Instance / WebDAV (sfcc.instance, sfcc.webdav)

sfcc-ciSDK
instance.upload(instance, file, token, opts, cb)instance.webdav.put(path, data)
instance.import(instance, file, token, cb)siteArchiveImport(instance, zipPath)
webdav.upload(instance, path, file, token, opts, cb)instance.webdav.put(path, data)
typescript
import {readFileSync} from 'node:fs';

// Upload a file via WebDAV
const data = readFileSync('./my-file.zip');
await instance.webdav.put('/cartridges/my-file.zip', data);

// Check if a file exists
const exists = await instance.webdav.exists('/cartridges/my-file.zip');

// List directory contents
const listing = await instance.webdav.propfind('/cartridges/');

// Delete a file
await instance.webdav.delete('/cartridges/my-file.zip');

The WebDAV client exposes a richer API than sfcc-ci: put, propfind, mkcol, delete, exists, copy, move.

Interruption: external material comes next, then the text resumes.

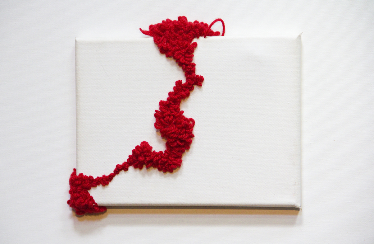 Red is een reliëf op doek. Hierin zoek ik een goeie balans tussen het doek en het reliëf. In dit werk ben ik bezig om vanuit het platte vlak de ruimte in te gaan.

Account Manager Users (sfcc.user)

sfcc-ciSDK
user.create(org, user, mail, ...)createUser(client, opts)
user.list(org, role, login, ...)listUsers(client, opts)
user.update(login, changes, ...)updateUser(client, opts)
user.delete(login, purge, ...)deleteUser(client, userId) / purgeUser(client, userId)
user.reset(login, ...)resetUser(client, userId)
user.grant(login, role, scope, ...)grantRole(client, opts)
user.revoke(login, role, scope, ...)revokeRole(client, opts)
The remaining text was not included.